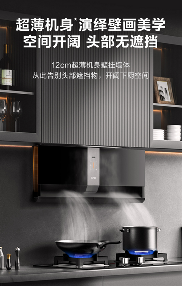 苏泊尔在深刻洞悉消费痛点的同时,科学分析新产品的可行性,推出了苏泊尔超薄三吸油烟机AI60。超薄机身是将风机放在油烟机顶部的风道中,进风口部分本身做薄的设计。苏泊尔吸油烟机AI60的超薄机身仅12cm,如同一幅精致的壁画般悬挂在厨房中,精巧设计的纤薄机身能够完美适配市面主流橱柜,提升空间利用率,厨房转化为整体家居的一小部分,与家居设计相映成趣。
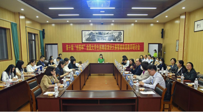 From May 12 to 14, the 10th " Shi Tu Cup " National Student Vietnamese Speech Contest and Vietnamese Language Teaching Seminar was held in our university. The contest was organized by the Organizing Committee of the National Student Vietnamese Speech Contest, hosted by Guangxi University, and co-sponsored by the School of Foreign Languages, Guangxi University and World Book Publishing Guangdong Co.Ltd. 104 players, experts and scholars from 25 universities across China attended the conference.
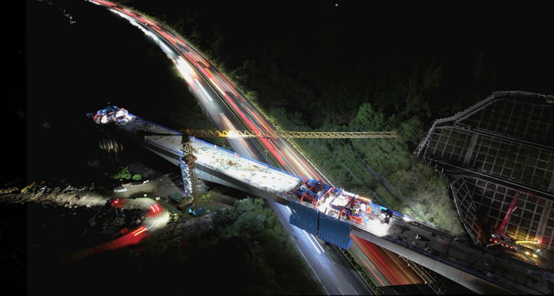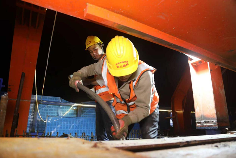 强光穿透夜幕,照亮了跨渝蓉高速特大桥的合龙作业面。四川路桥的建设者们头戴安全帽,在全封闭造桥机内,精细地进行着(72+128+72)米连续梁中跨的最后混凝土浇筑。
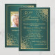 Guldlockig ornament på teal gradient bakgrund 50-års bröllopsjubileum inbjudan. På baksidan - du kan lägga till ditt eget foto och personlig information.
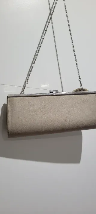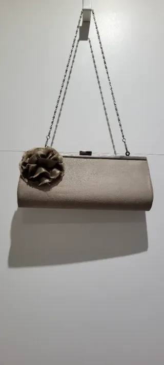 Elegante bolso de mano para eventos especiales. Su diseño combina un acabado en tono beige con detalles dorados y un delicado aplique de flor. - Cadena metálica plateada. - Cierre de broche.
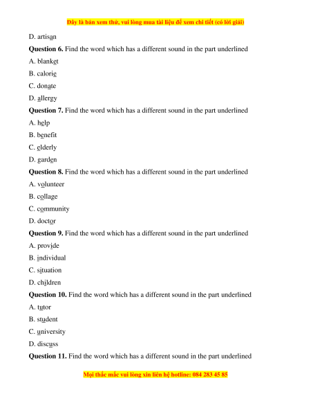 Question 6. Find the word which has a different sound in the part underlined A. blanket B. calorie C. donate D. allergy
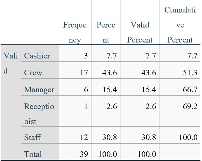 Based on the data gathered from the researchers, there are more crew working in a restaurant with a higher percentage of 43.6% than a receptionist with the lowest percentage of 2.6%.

• **How to complete this task**: Would you write out each entry word for word and omit the images?

• **Reply**:
 苏泊尔在深刻洞悉消费痛点的同时,科学分析新产品的可行性,推出了苏泊尔超薄三吸油烟机AI60。超薄机身是将风机放在油烟机顶部的风道中,进风口部分本身做薄的设计。苏泊尔吸油烟机AI60的超薄机身仅12cm,如同一幅精致的壁画般悬挂在厨房中,精巧设计的纤薄机身能够完美适配市面主流橱柜,提升空间利用率,厨房转化为整体家居的一小部分,与家居设计相映成趣。
 From May 12 to 14, the 10th " Shi Tu Cup " National Student Vietnamese Speech Contest and Vietnamese Language Teaching Seminar was held in our university. The contest was organized by the Organizing Committee of the National Student Vietnamese Speech Contest, hosted by Guangxi University, and co-sponsored by the School of Foreign Languages, Guangxi University and World Book Publishing Guangdong Co.Ltd. 104 players, experts and scholars from 25 universities across China attended the conference.
 强光穿透夜幕,照亮了跨渝蓉高速特大桥的合龙作业面。四川路桥的建设者们头戴安全帽,在全封闭造桥机内,精细地进行着(72+128+72)米连续梁中跨的最后混凝土浇筑。
 Guldlockig ornament på teal gradient bakgrund 50-års bröllopsjubileum inbjudan. På baksidan - du kan lägga till ditt eget foto och personlig information.
 Elegante bolso de mano para eventos especiales. Su diseño combina un acabado en tono beige con detalles dorados y un delicado aplique de flor. - Cadena metálica plateada. - Cierre de broche.
 Question 6. Find the word which has a different sound in the part underlined A. blanket B. calorie C. donate D. allergy
 Based on the data gathered from the researchers, there are more crew working in a restaurant with a higher percentage of 43.6% than a receptionist with the lowest percentage of 2.6%.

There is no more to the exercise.